I’d texted her, expecting the same inside jokes, the same shared laughter.
Instead, there were no replies.
When she finally responded, it was to tell me that her boyfriend had thrown a surprise party for her, inviting “all of her favorite people.” I wasn’t among them.
The sting of being excluded was sharp, but I told myself it wasn’t personal.
Maybe she just didn’t want to hurt me.
Then came the engagement announcement, and the invitation to her wedding.
I was shocked, but I went.
I remember sitting in the church, clutching a glass of champagne, and crying when I caught my reflection in the window.
Abigail, standing beside her groom, didn’t even blink.
She was radiant, unshaken.
I was a stranger in a world I no longer understood.
Last year, I made a desperate attempt to bridge the gap.
I went to church with Abigail, hoping that if I could just grasp the same faith that had transformed her, I might reclaim the friendship we’d once had.
I tried to sway with the music, to sing the hymns, to feel the same connection she did.
But I was an outsider, faking it in a way that felt fraudulent.
When the service ended, we said little.
Our eyes met briefly, and I saw the distance between us—clear, unbridgeable.

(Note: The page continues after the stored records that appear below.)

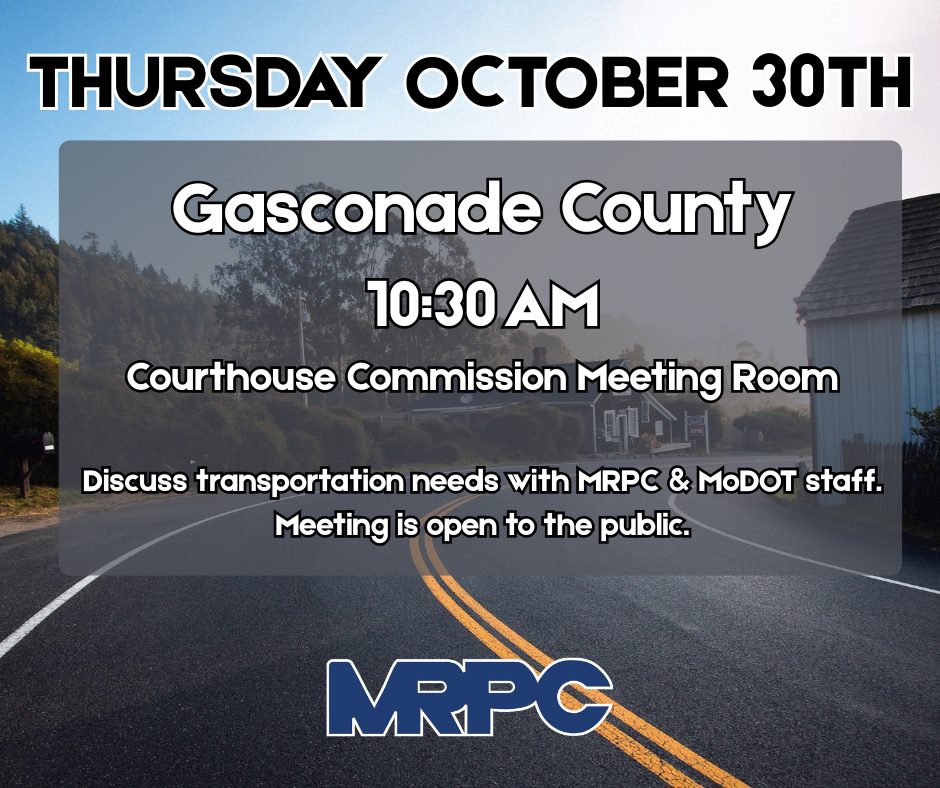 ST. JAMES—Meramec Regional Planning Commission (MRPC) Executive Director Bonnie Prigge, Planning Manager Anne Freand and Missouri Department of Transportation (MoDOT) Meramec Area Engineer Preston Kramer will meet with Gasconade County commissioners and citizens to discuss transportation needs on the state system Oct. 30, 2025, at the Gasconade County Courthouse commission meeting room, 119 E. First St., Hermann. The meeting will start at 10:30 a.m.
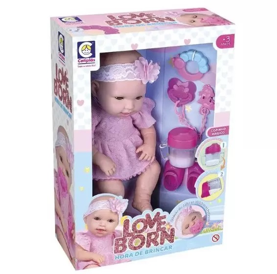 \par Fofinha e delicada como um beb\'ea de verdade, a Love Born Hora de Brincar est\'e1 pronta para receber seus cuidados com ela e vivenciar muitas brincadeiras juntas. Ela vem com copinho m\'e1gico, chupeta com prendedor e um lindo par de sapatinhos para complementar o divertimento. Ao deitar a sua boneca, ela fecha os olhinhos e ao levantar abre.
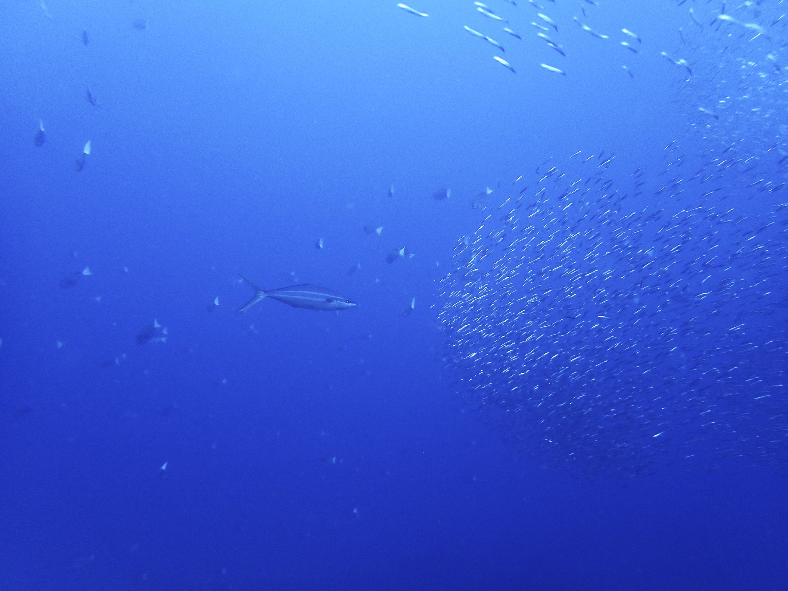 キビナゴ大群、ツムブリ、チンアナゴ、ヒレナガネジリンボウ、ホタテツノハゼ、アザハタ、ユカタハタ、タカサゴ
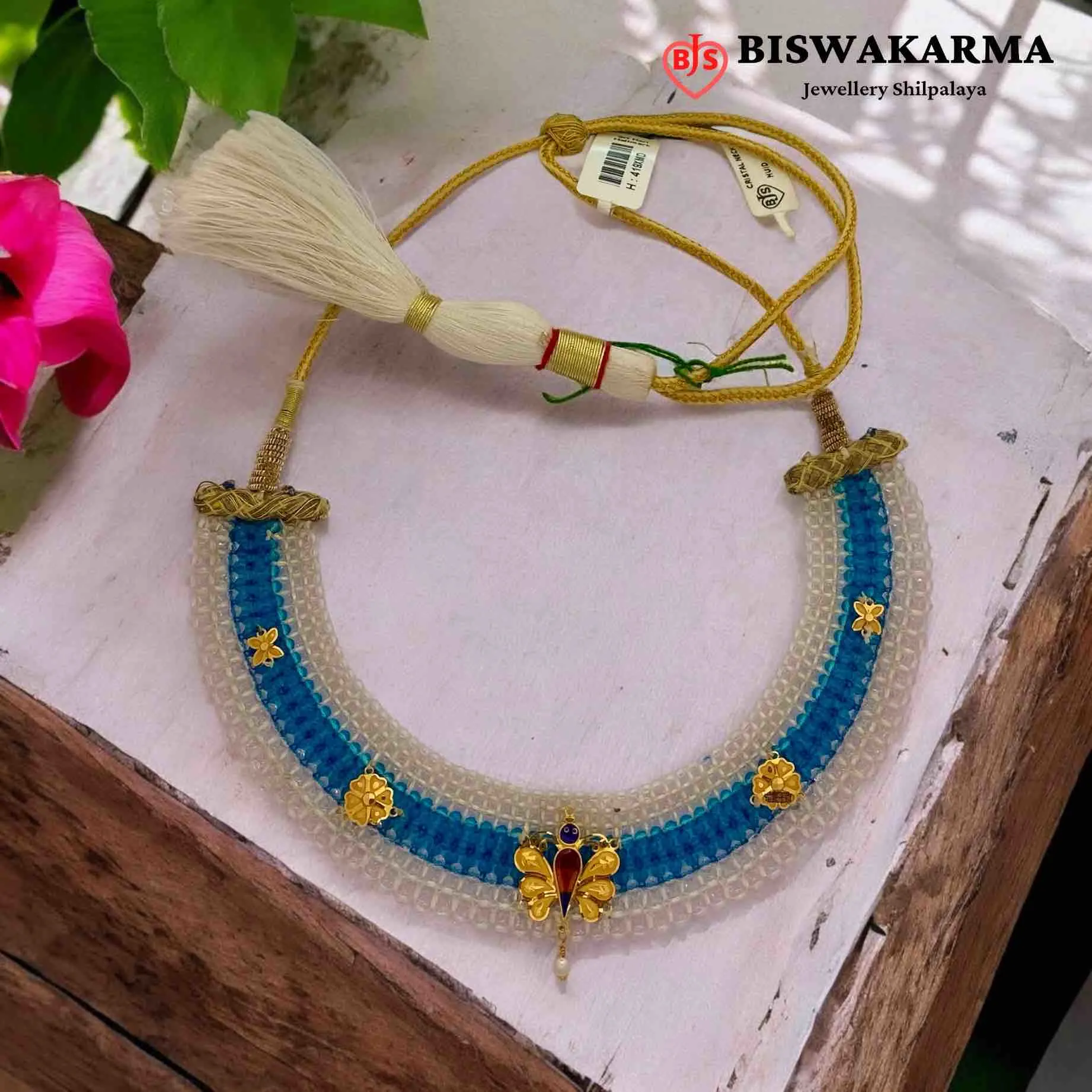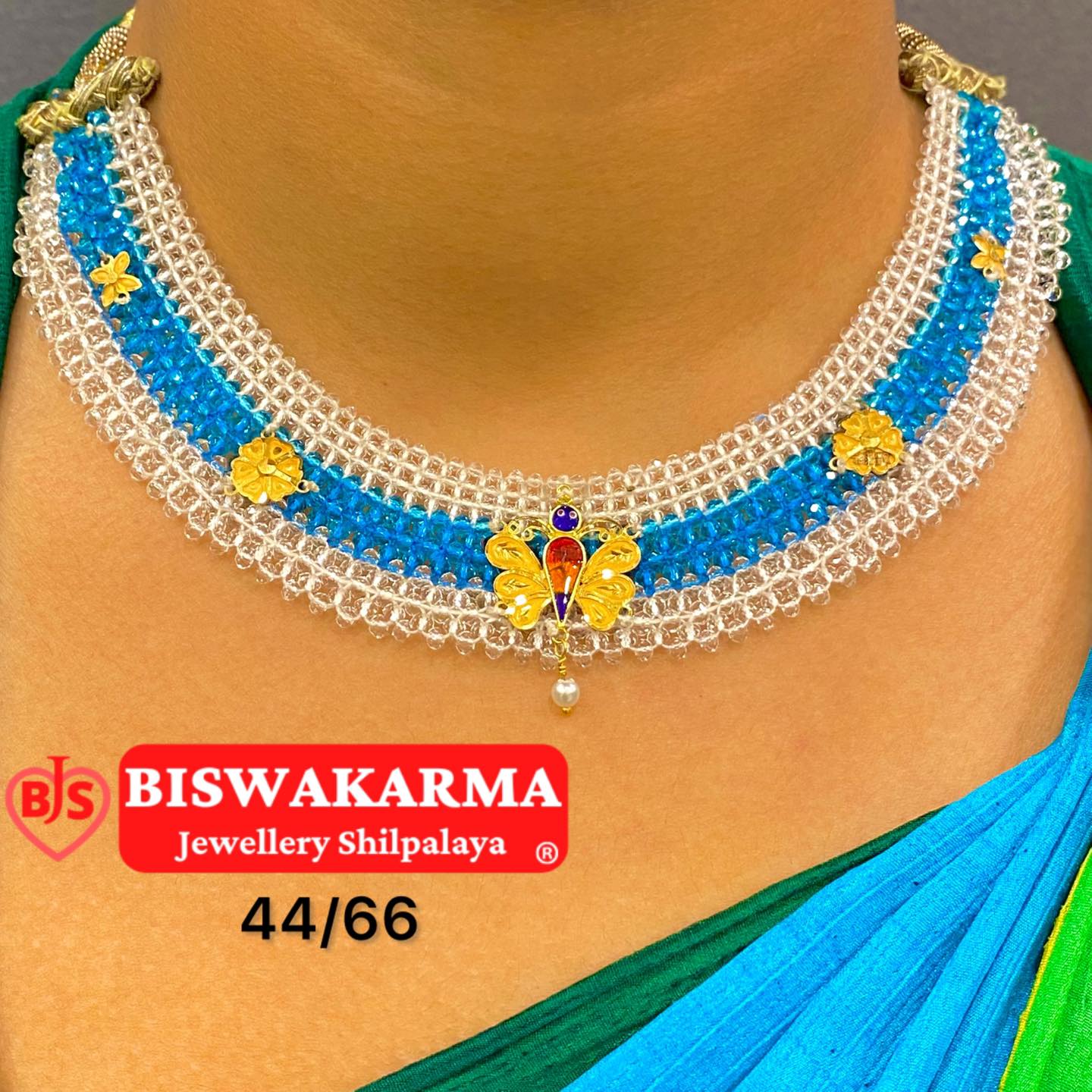 A serene blue crystal necklace adorned with golden floral and butterfly motifs, capturing the beauty of elegance and the calm of royal grace.
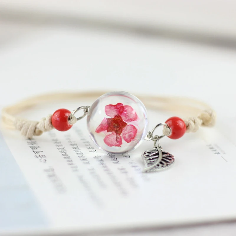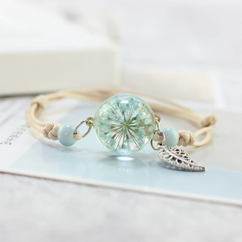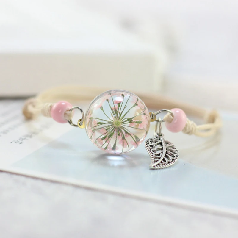 New Glass Ball Dried Dandelion Bracelets Ceramic Hand-made Dried Flower Charm Bracelets Girls Gifts Nat
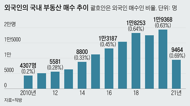 17일 부동산 정보업체 ‘직방’이 법원 등기정보광장 통계를 분석한 결과, 작년 국내에서 부동산을 산 외국인은 1만9368명으로, 전체 거래의 0.63%를 차지했다. 2010년 4307명에서 작년 1만9368명으로 10년 만에 4배 이상으로 늘었다. 비율로 봐도 2010년 0.20%에서 매년 꾸준히 늘어나는 추세다.
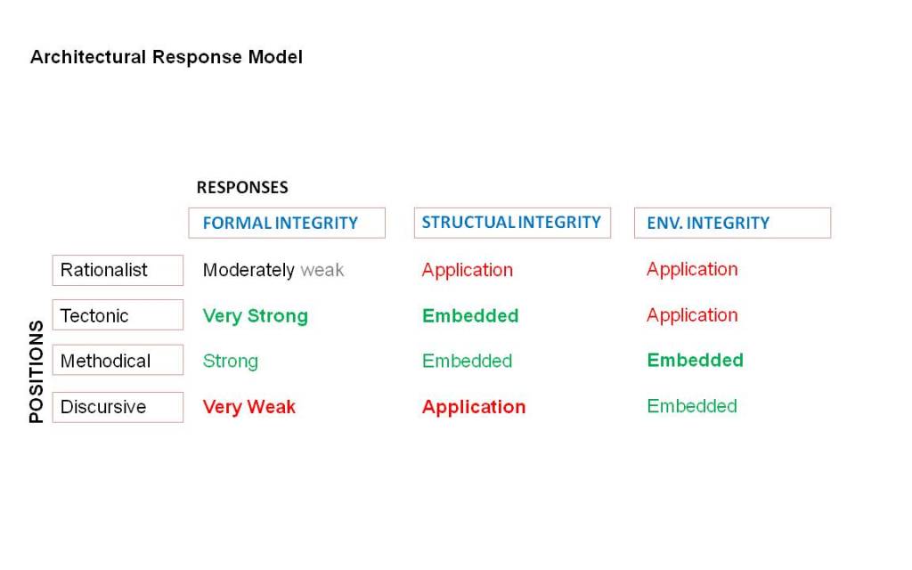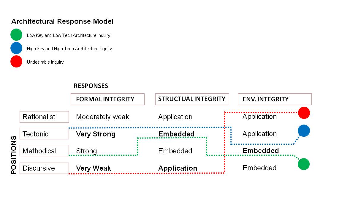 The response model for architectural questioning and thinking demonstrates that three important parameters of architectural response (architectural knowledge), i.e. formal, structural and environmental are able to generate various conditions. The tectonic and methodical inquiry is able to generate strong embedded conditions in architectural research while the discursive method requires to alter its path to make the inquiry system relevant to architectural knowledge.
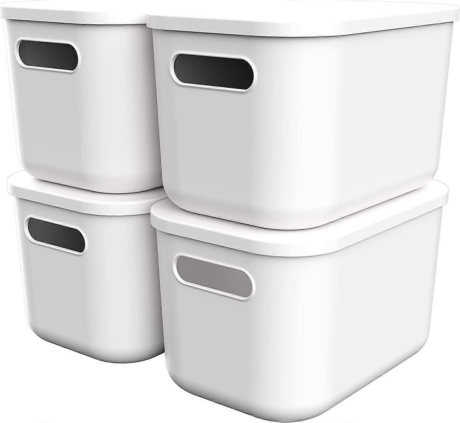 Boite de Rangement Design en Plastique Blanc Recyclable Ultra Rsistant | pour Bureau, Cuisine, Salle de Bain, Meuble, Penderie (7.5L, Lot de 4, Couver
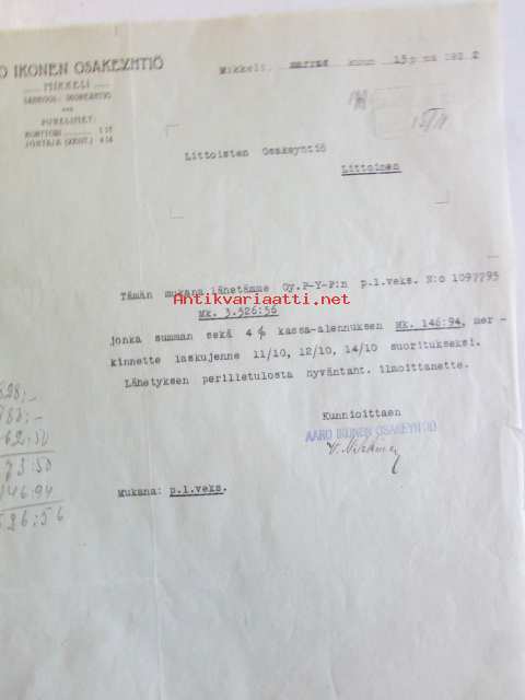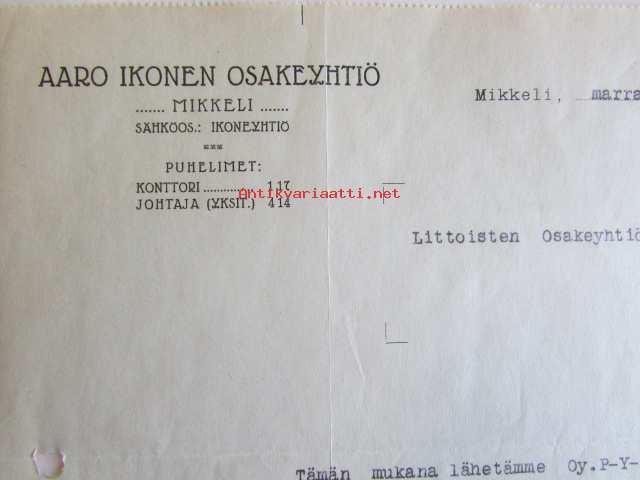 Aaro Ikonen Osakeyhtiö, Mikkeli marraskuun 13. 1922 - asiakirja
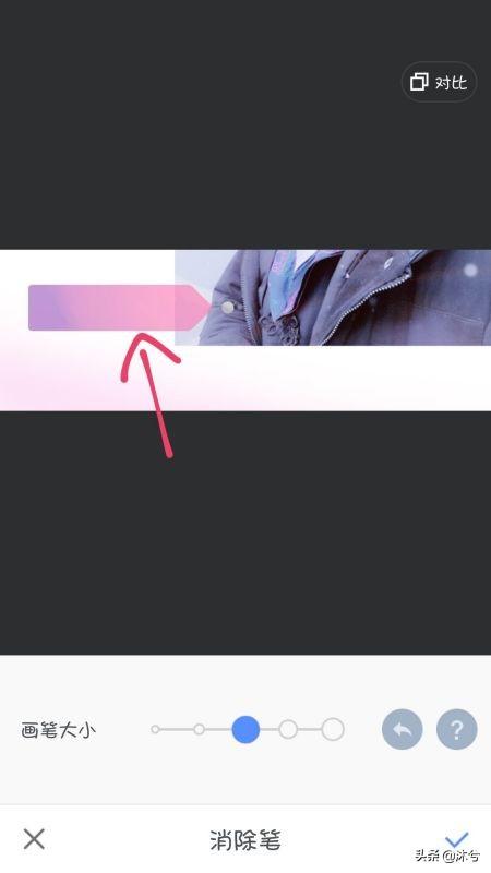 3、打开需要去除文字的图片之后,在上面的工具栏中,点击“消除笔”工具;然后在左侧消除笔设置中,根据图片和文字的情况,调整画笔的大小;调整完画笔的大小之后,这时候鼠标就是一个画笔了,用鼠标在需要去掉的文字上面进行移动涂抹操作,然后放开鼠标,就可以看到文字已经成功去掉了
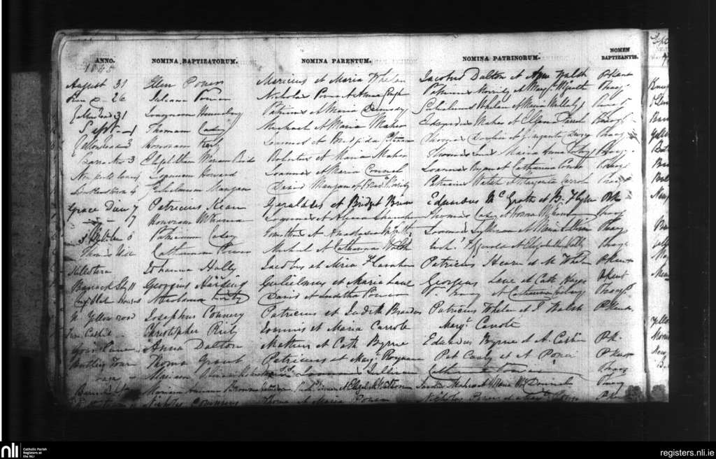 Ballybricken, Waterford city; County of Waterford; Diocese of Waterford and Lismore. Baptisms, Aug. 1845 to Sep. 1845
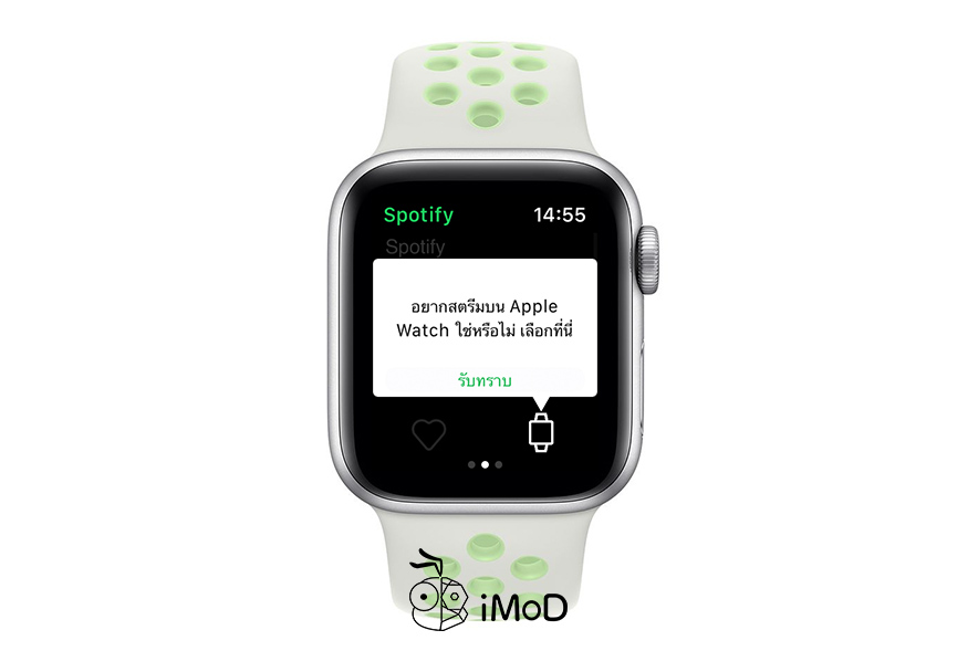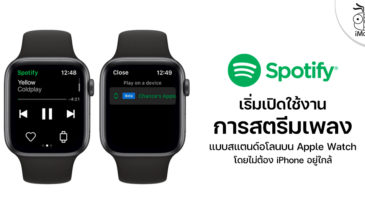 จากที่ทีมงานได้ลองใช้งานการสตรีมเพลง Spotify ดูแล้ว พบว่าในช่วงแรก ๆ ตัวเลือกอุปกรณ์ Apple Watch ยังไม่แสดง ต้องเปิดแอป Spotify บน Apple Watch ไว้สักครู่จนมีการแจ้งเตือนให้สตรีมบน Apple Watch จากนั้นเราก็จะสามารเลือกอุปกรณ์ Apple Watch ได้ ลองดูนะคะ
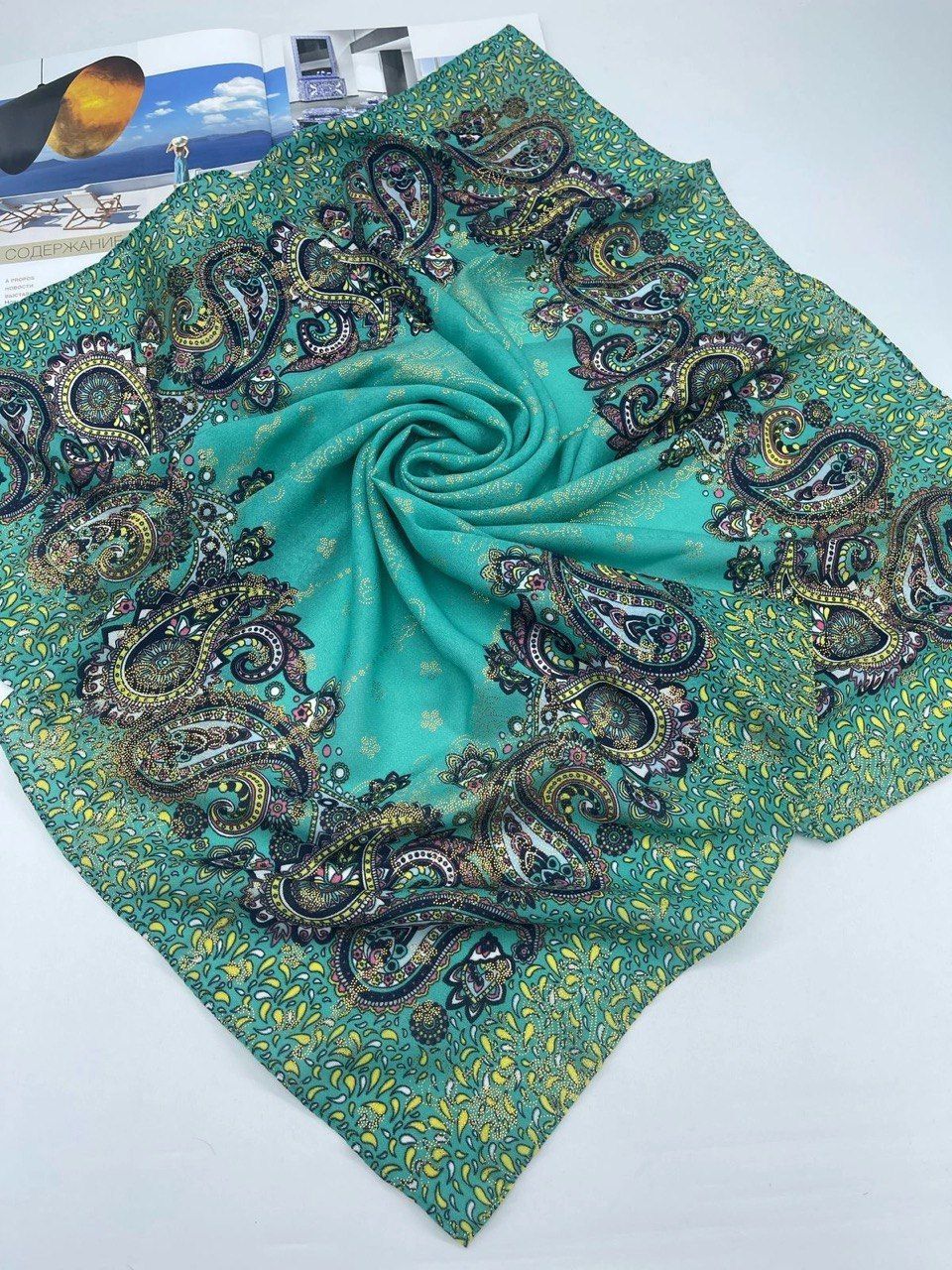 Красивый платок с рисунком — стильный аксессуар для вашего неотразимого образа. Размер изделия составляет 90*90, что позволяет использовать его как шарф или головной убор.

We haven’t spoken since, except for one message in February, a photo of us in school uniforms, her face twisted in a silly grin, me laughing so hard I thought I’d cry.
Maybe that was the last time I saw her, the last time I felt close to the girl I once knew.
“Jesus will always want to know you,” she wrote in that final message. “And you can get to know him whenever you like.” I didn’t reply.
I still don’t know if I ever will.
Abigail’s journey has been one of faith, and mine has been one of loss.
But in the end, maybe that’s all we ever were: two friends, drifting in opposite directions, never quite finding the same shore.